Burnham directed Jerrod Carmichael's comedy special 8 (2017) for HBO and Chris Rock's comedy special Tamborine (2018) for Netflix. In an interview with Vulture, he discussed his directorial outlook when directing a comedy special: "I approached [the special], which was me taking stock of the feelings that I get out of watching this person perform and asking, 'How can I recreate that for the audience as best as possible? How can I make a good container for the thing?' But the thing is being provided by them, so a lot of directing is just getting out of their way."

In 2019, it was announced Burnham would contribute songs to the upcoming Sesame Street film.

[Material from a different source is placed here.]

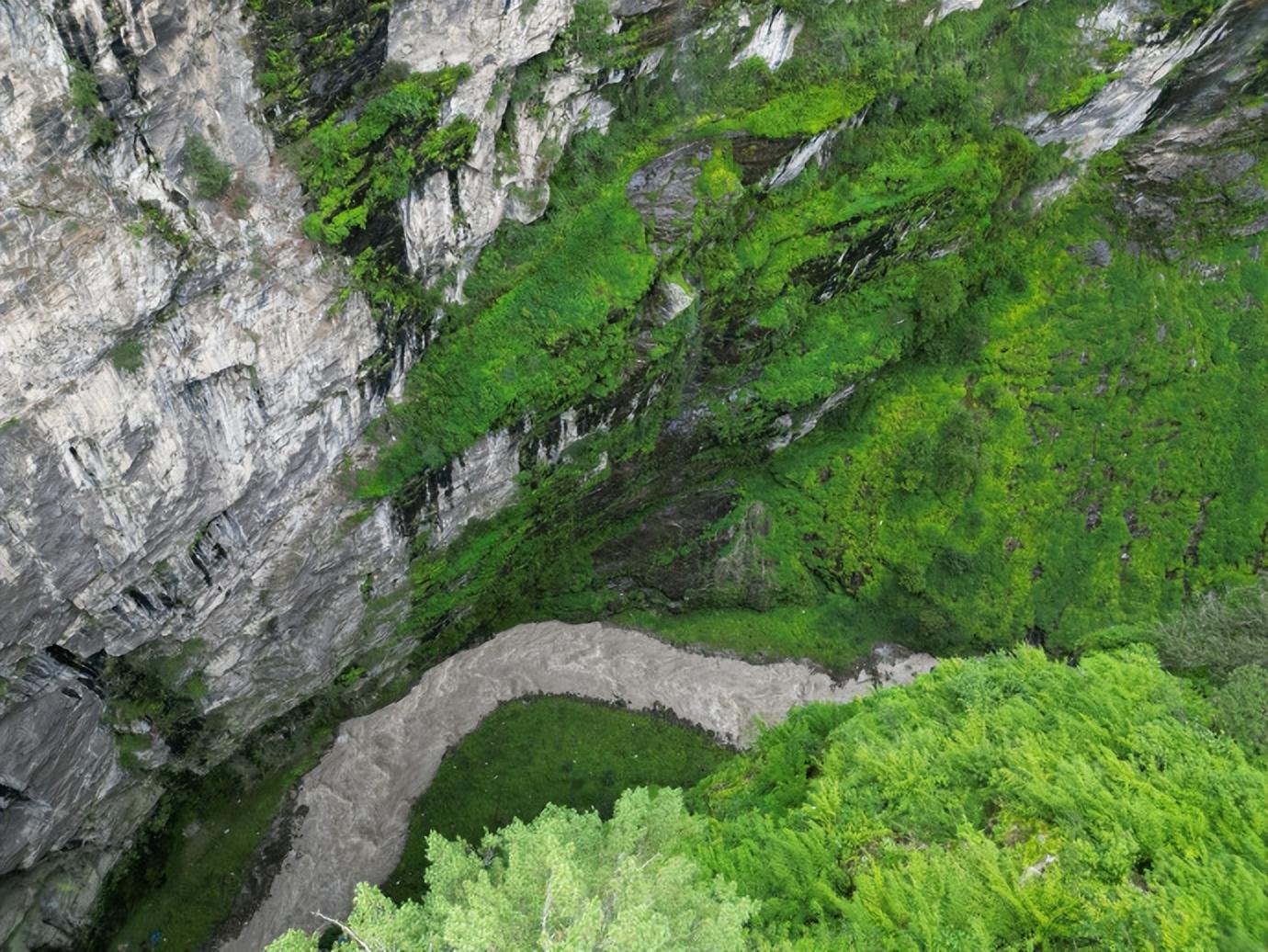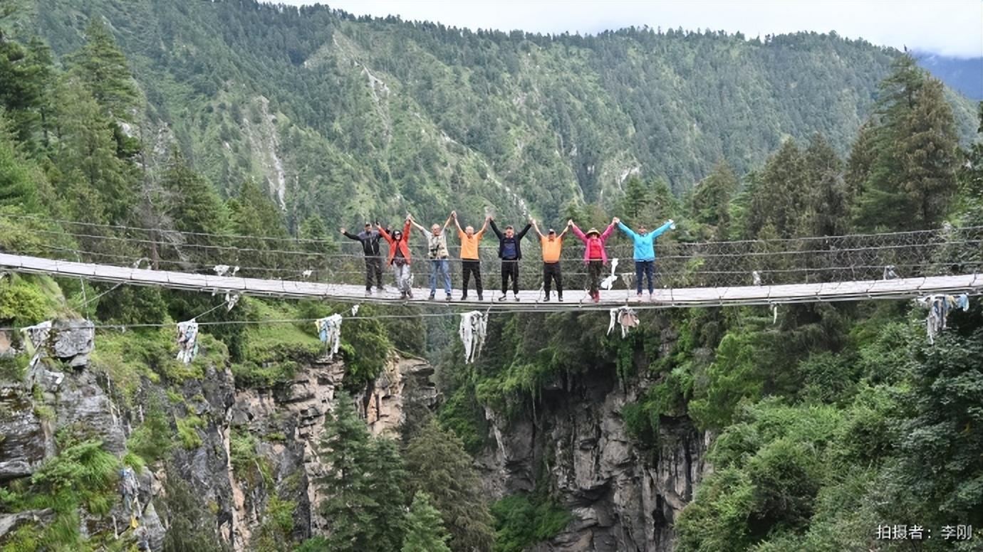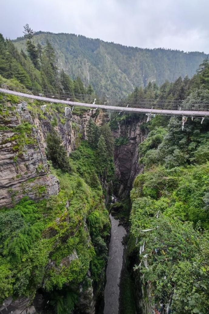 漫步橋上,但見谷底水流湍急、兩岸山峯凌厲,刀削般絕壁上古樹參天。站在橋頭還能遙望尼泊爾,方知山河壯闊、國界如線…

In 2020, Burnham played the protagonist's love interest Ryan Cooper in the black comedy revenge thriller film Promising Young Woman. The film debuted at the Sundance Film Festival, where it received critical acclaim, and was later nominated for the Academy Award for Best Picture. In an interview, Burnham stated, "This is a story I could never tell. This is a perspective I don't have. After doing my own things, it's like I really like the idea of, I just want to serve someone else's vision."

In March 2021, Burnham was cast as Boston Celtics legend Larry Bird in Winning Time: The Rise of the Lakers Dynasty from HBO. Due to scheduling conflicts, he left the series in August 2021.

2021–present: Inside 
In April 2021, Burnham ended his social media hiatus to announce that May 30 would see the release of his fourth special, Inside. Created by Burnham alone in his home's guest house without a crew or audience during the COVID-19 pandemic, Inside received widespread acclaim. It was nominated in six categories for the 73rd Primetime Creative Arts Emmy Awards, winning three for Outstanding Music Direction, Outstanding Writing, and Outstanding Directing for a Variety Special. Burnham also received two nominations at the 64th Annual Grammy Awards for Best Music Film and Best Song Written for Visual Media ("All Eyes on Me"), although the special was ruled ineligible for Best Comedy Album. Three songs from the album ("Bezos I", "All Eyes on Me", and "Welcome to the Internet") earned Burnham his first charting songs on the US Bubbling Under Hot 100 and Global 200 charts. They were certified gold in the United States, as did the accompanying album, Inside (The Songs).

Burnham directed, edited, and executive produced Carmichael's comedy special Rothaniel (2022), which received acclaim, including the 74th Emmy award for best writing for a variety special.

On May 30, 2022, the one-year anniversary of Inside, Burnham released 63 minutes of unseen footage from the special on YouTube. Titled The Inside Outtakes, it has garnered over 6 million views as of August 2022. The video received positive reviews. In June 2022, he released an accompanying album with the same name containing all the songs from the video and two new others. He also released Inside (Deluxe), an album containing all of the songs from Inside and the outtakes, as well as all of the ambient and instrumental tracks from the special and its outtakes.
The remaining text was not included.